Lawmakers in Virginia are preparing fresh efforts to regulate AI as concerns grow over its influence on minors and vulnerable users.
Legislators will return in January with a set of proposals focused on limiting the capabilities of chatbots, curbing deepfakes and restricting automated ticket-buying systems. The push follows a series of failed attempts last year to define high-risk AI systems and expand protections for consumers.
Delegate Michelle Maldonado aims to introduce measures that restrict what conversational agents can say in therapeutic interactions instead of allowing them to mimic emotional support.
Her plans follow the well-publicised case of a sixteen-year-old who discussed suicidal thoughts with a chatbot before taking his own life. She argues that young people rely heavily on these tools and need stronger safeguards that recognise dangerous language and redirect users towards human help.
Maldonado will also revive a previous bill on high-risk AI, refining it to address particular sectors rather than broad categories.

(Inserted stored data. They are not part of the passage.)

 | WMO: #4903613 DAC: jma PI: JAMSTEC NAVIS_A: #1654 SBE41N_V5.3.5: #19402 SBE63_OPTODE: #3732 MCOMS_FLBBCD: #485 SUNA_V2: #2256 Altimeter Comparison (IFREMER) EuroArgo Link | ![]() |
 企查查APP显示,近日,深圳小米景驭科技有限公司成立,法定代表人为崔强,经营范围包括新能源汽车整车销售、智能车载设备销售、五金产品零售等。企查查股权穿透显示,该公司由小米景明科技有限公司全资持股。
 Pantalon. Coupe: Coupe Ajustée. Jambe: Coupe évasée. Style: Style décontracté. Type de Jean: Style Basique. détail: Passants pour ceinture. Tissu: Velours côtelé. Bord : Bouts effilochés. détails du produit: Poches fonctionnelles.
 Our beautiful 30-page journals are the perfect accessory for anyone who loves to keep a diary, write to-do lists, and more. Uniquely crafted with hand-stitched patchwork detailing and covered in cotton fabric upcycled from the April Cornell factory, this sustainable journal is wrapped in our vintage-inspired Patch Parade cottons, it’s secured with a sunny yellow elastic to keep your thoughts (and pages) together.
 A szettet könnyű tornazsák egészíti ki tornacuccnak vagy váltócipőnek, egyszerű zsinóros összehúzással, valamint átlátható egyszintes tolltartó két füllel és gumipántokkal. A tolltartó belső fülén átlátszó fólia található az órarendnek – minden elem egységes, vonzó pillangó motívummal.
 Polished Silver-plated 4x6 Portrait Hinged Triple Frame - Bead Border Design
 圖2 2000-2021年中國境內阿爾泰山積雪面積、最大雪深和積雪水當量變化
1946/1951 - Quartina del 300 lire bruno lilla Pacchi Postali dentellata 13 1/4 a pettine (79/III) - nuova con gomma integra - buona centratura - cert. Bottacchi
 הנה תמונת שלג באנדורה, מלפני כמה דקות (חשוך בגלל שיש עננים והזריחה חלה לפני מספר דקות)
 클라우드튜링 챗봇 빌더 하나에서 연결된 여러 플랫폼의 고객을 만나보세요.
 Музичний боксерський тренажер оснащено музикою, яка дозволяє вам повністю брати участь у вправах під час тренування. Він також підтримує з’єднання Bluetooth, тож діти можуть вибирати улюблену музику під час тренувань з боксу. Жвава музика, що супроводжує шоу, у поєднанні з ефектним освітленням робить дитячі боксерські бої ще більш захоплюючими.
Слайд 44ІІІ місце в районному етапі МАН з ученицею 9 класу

Delegate Cliff Hayes is preparing legislation to require labels for synthetic media and to block AI systems from buying event tickets in bulk instead of letting automated tools distort prices.
Hayes already secured a law preventing predictions from AI tools from being the sole basis for criminal justice decisions. He warns that the technology has advanced too quickly for policy to remain passive and urges a balance between innovation and protection.
Proposals that come as the state continues to evaluate its regulatory environment under an executive order issued by Governor Glenn Youngkin.
The order directs AI systems to scan the state code for unnecessary or conflicting rules, encouraging streamlined governance instead of strict statutory frameworks. Observers argue that human oversight remains essential as legislators search for common ground on how far to extend regulatory control.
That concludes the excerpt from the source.